Note that OZCAM has resolvable identifiers for each specimen in the form of UUIDs that are appended to "http://ozcam.ala.org.au/occurrence/". The corresponding UUIDs are included in the Darwin Core dump that OZCAM makes available to GBIF. Here they are for the parts of M.22320:
"223d1549-1322-419e-8af4-649a4b145064","M.22320.001",... "c40a7eea-6e04-4be6-8dcb-4473402e48c4","M.22320.002",... "21fcaea1-c645-49d9-9753-dbd9dd2bc64a","M.22320.003",... "34ffd935-9fb4-44a5-acb8-2cd4df5ade62","M.22320.004",... "03635fb8-f9ac-4c4c-898b-859cd42f1e26","M.22320.005",... "a1c4dd5a-dc03-45cc-8971-931c739df8b2","M.22320.006",... "71c91030-405c-4390-8ec3-42a5478a2fd8","M.22320.007",... "0f1a9326-34d0-4fb2-b89a-9856bd9082f0","M.22320.008",... "86270ef7-07f6-4395-84c7-66d5d497cc01","M.22320.009",...

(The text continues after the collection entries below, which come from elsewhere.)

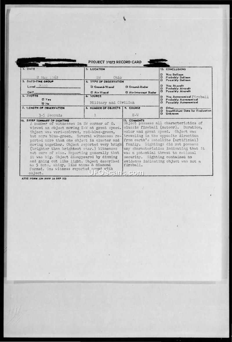 Project 10073 Record Card — Sighting Report, May 2, 1962, Ohio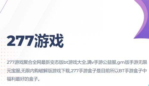 277手游平台是一款游戏盒子还是一个手游充值折扣平台,含有大量的高福利游戏,折扣游戏,BT游戏,变态版手游,赶紧来下载277手游app,不但有好玩的手游,而且可以享受超低的游戏充值折扣!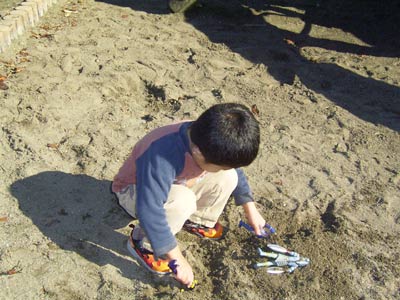 まあこういう日は、まず砂場だろ。 遊具は一段落してからにしよう。 |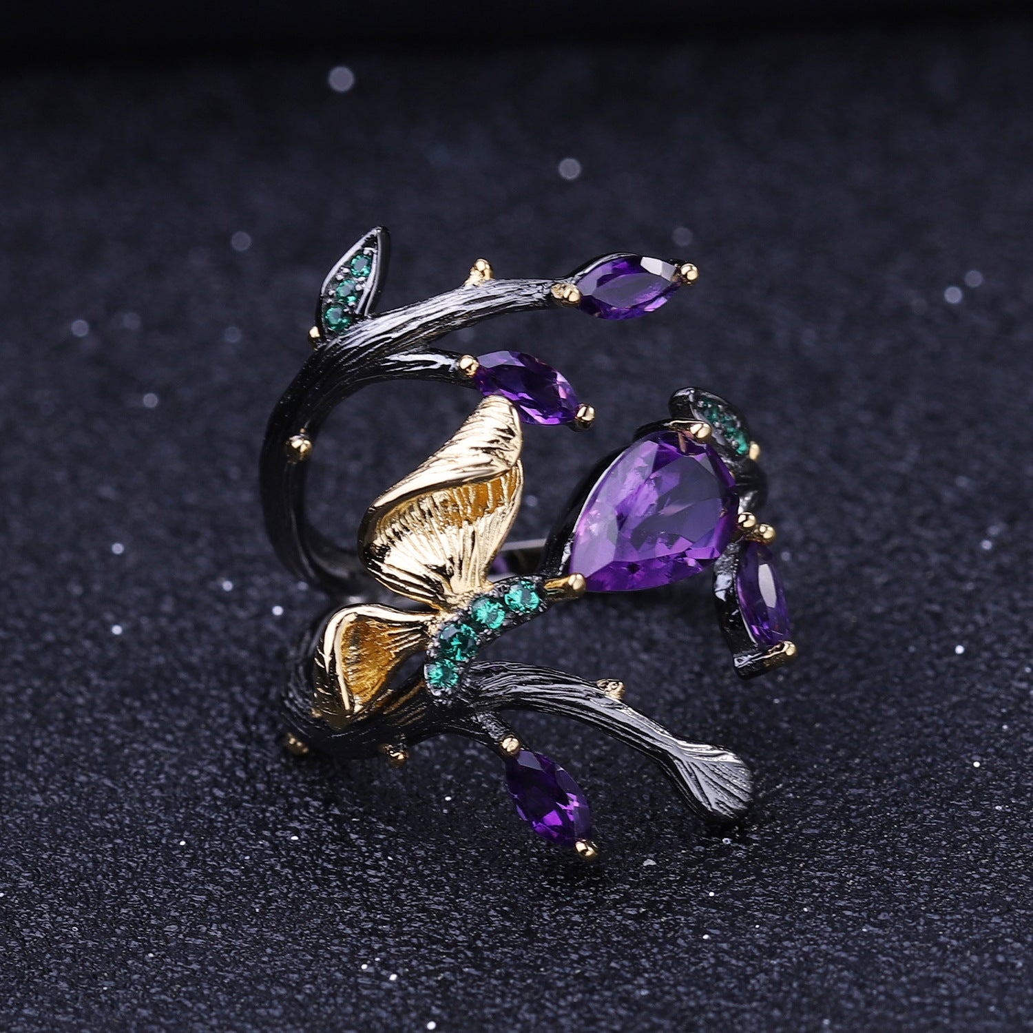 OliyaDesign Russian Secret Garden Natural Style Butterfly S925 Sterling Silver Natural Amethyst Ring

But when GBIF parses the dump it ignores these UUIDs, which means the GBIF user can't easily go to the OZCAM site (which has a bunch of other useful information, compare http://ozcam.ala.org.au/occurrence/223d1549-1322-419e-8af4-649a4b145064 with http://www.gbif.org/occurrence/774916561/verbatim ). It also means that GBIF has stripped out an identifier that we might make use of to unambiguously refer to each record (and, presumably, this UUID doesn't change between harvests of OZCAM data).
In summary, this is a bit of a mess: we have multiple records that are really just bits of the same specimen but which are not linked together by any data provider, and as the data is transmitted up the chain to GBIF clues as to what is going on are stripped out. For a user like me who is trying to link the GenBank sequence to its voucher this is frustrating, and ultimately all rather avoidable if we took just a little more care in how we represent data about specimens, and how we treat that data as it gets transmitted between data bases.